After each experiment, restore any file you changed before moving on.


23.9 Exercises

  1. Why is from_text slow but encode fast on small inputs? Both use the same merge loop. Argue that from_text’s cost scales as O(num_merges × corpus_chars), while encode’s cost scales as O(num_merges × input_chars). For a 60-character sample with 512 merges, encode is 60 × 512 ≈ 31 k ops — milliseconds. For the 1.1 M-character corpus, it is 1.1 M × 512 ≈ 560 M ops — 19 seconds.

  2. Could encode be faster? Read the minBPE implementation. It uses a per-position priority queue keyed by merge rank, so each input character touches each merge at most once instead of once per merge. The asymptotic cost drops to O(input_chars × log(num_merges)). Argue why this would be a worthwhile optimisation for Ch.28’s full Wikipedia training but not for our toy demo.

  3. Tokenizer extensibility. The chars list is fixed at training time. What happens if you call tok.encode(text) on text containing a character not in chars? Walk through the code to predict the failure mode. (Hint: self.stoi[s] will raise KeyError.)

  4. Information-theoretic compression.
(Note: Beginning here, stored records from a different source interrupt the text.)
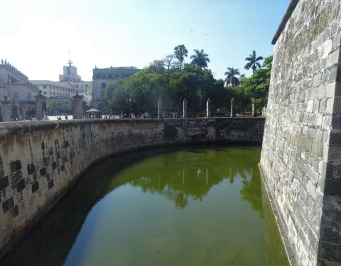 在这里已经成了一座博物馆,大家不妨进去参观一下这是哈瓦那一座有着400多年历史的坚固城堡,在城堡的四周,有像中国古城一样的护城河,在城堡的城墙上,放置着许多当年的旧时大炮,显得非常的威武。在这里已经成了一座博物馆,大家不妨进去参观一下。
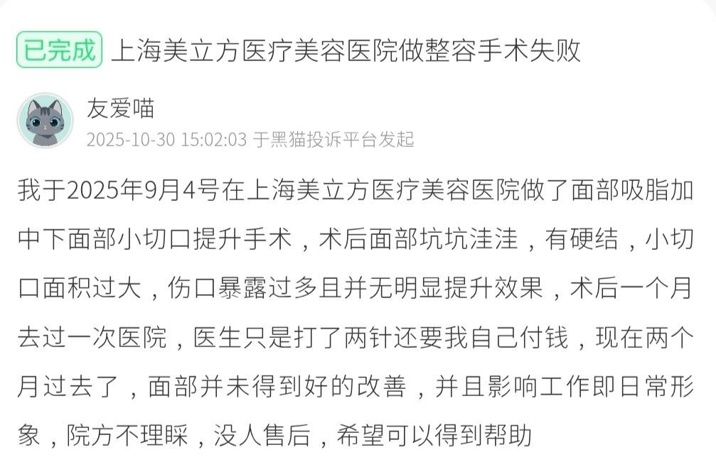 1月16日,有消费者于黑猫投诉平台反映,称其在“上海美立方医疗美容”接受手术项目后未见效果,申请退款却遭拒。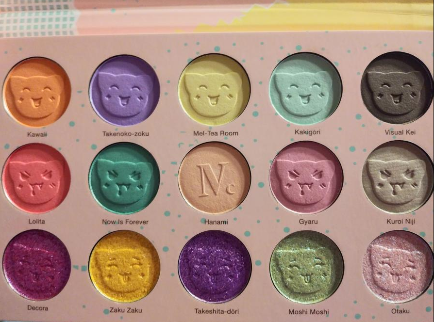 I’m starting this post with a description of the palette to set the tone of what I was expecting: “Nomad x Tokyo Harajuku Intense Eyeshadow Palette. This poppy pastel palette of fun combines 10 high-pigmented eyeshadows and 5 unique multi-chrome toppers for a sheer prismatic color effect. 15 kawaii shades inspired by the wild creativity of the trendy Tokyo youth. Infused with Camellia Japonica Oil to make skin soft and silky smooth. Cruelty-free & vegan.”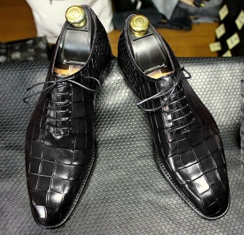 Handmade Black Alligator Leather Shoes,Men Dress Oxford Shoes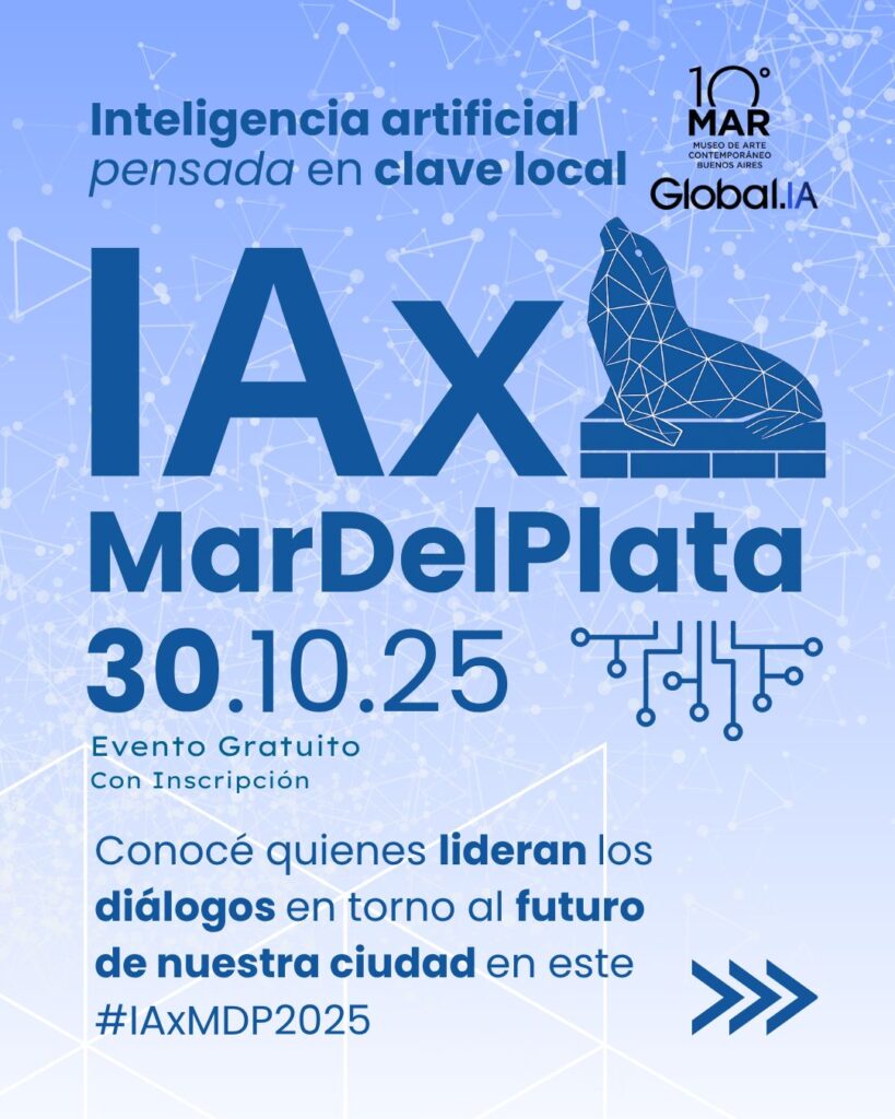 El jueves 30 de octubre, organizado por Global.IA, estaré participando de #IAxMarDelPlata, una experiencia que busca democratizar el conocimiento sobre inteligencias artificiales. El encuentro reunirá a profesionales de distintas áreas para compartir experiencias y miradas situadas sobre la IA en un contexto puramente marplatense.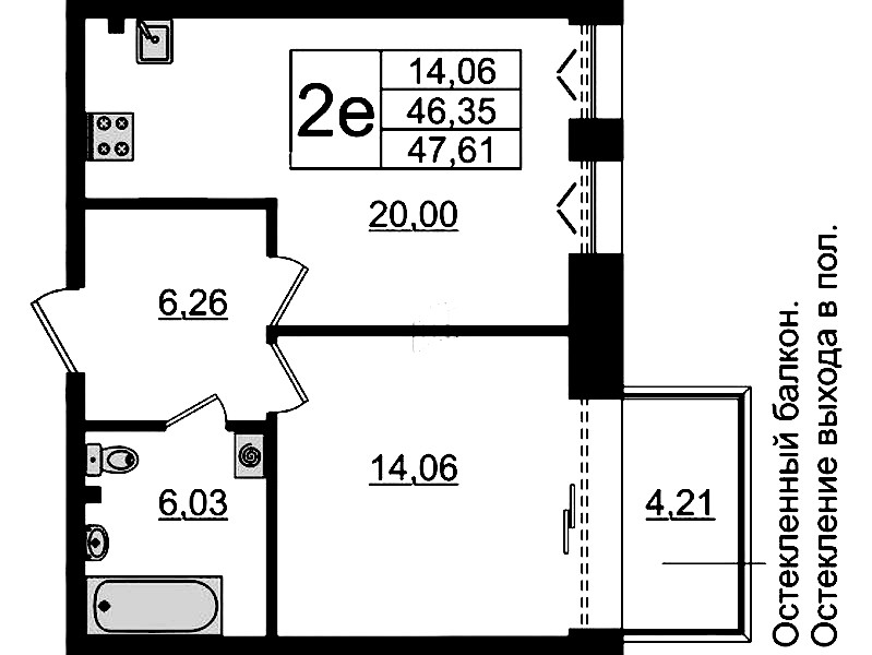 • Площадь46,35 м2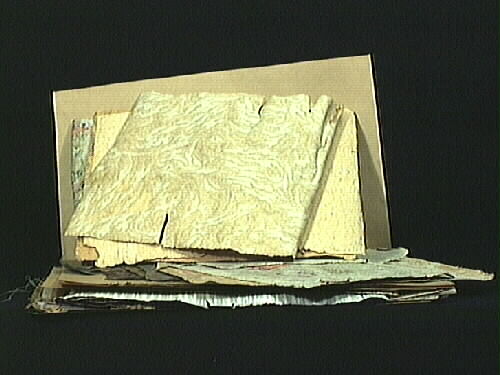 Tapetstycke med väggfyllning. Ca 10 st olika tapetlager. På baksidan väggfyllning, pålagt för att göra väggen slät. Fyllningen består av lera eller kalkbruk i blandning med grovt sågspån. I fyllningen syns avtryck av mellanrum mellan väggstockar. Översta tapeten grå med vita ränder, breda, raka och smala, slingrande. Nertagen i lägenhet i Kv Ajax 10.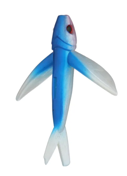 One piece, soft plastic flying fish that can be used as a trolling lure, kite bait or as a teaser bait. Our flying fish are designed with a large rigging channel in the bottom. The channel has a tunnel to the top for kite application, then front to back for trolling. High quality paint that stays on despite fish explosions and our eyes stand the test of time. These flying fish are durable while still being soft enough to look and feel realistic.
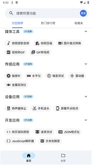 2. 进入首页,便能瞧见各类热门工具应用。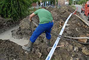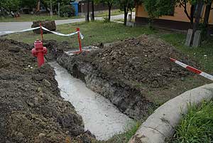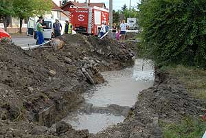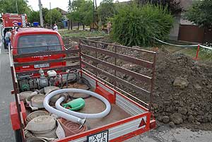 A VÍZMŰ szakemberei ezen a napon délelőtt dolgoztak ezen a szakaszon, amelyen a csőtörés keletkezett. A tűzoltók szivattyúkkal felszerelkezve vonultak ki, de nem kellett használniuk, mert a szakemberek ekkorra már elzárták a főnyomócsövet. A munkások elkezdték a szivattyúzást is, hogy mihamarabb elhárítsák a hibát! Szentes, 2011. 07. 21.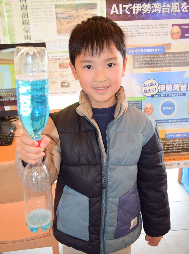 ペットボトルを使って実験し、竜巻の仕組みなどを学ぶコーナーもあった。

Argue from Shannon’s source coding theorem that any tokenizer’s compression ratio on a corpus is bounded by the corpus’s entropy. Tiny Shakespeare’s character-level entropy is roughly 4.5 bits per character (the alphabet has 65 symbols ≈ 6 bits, but English regularities reduce it). Argue why a 1024-merge BPE tokenizer’s ~2.7× compression is not contradicting this bound. (Hint: BPE doesn’t compress the bits, it compresses the number of tokens. Each BPE token still carries ~9 bits of identity in a 577-token vocab.)


23.10 What’s next

The next chapter, Chapter 24 — RMSNorm replaces LayerNorm, leaves tokenization behind and starts modernising the architecture. RMSNorm is what Llama and Mistral use; Chapter 11’s LayerNorm will get a sibling class, and a --norm {rms, layer} flag will let the student pick at training time.

Looking ahead — what to remember from this chapter:

  1. BPETokenizer is shape-compatible with CharTokenizer: from_text, encode, decode, save, load. The model code doesn’t care which one feeds it ids.
  2. Training BPE is slow (~70 s on Tiny Shakespeare with 512 merges) but you only do it once per corpus and ship the JSON file alongside the checkpoint.
  3. The vocabulary is chars + merges-in-creation-order; decoding is "".join(vocab[i] for i in ids).
  4. Compression on Tiny Shakespeare: ~2.3× shorter sequences at 512 merges, ~2.7× at 1024 merges, ~4× at GPT-2 scale (50,257 tokens). Fewer tokens ≈ proportionally faster generation.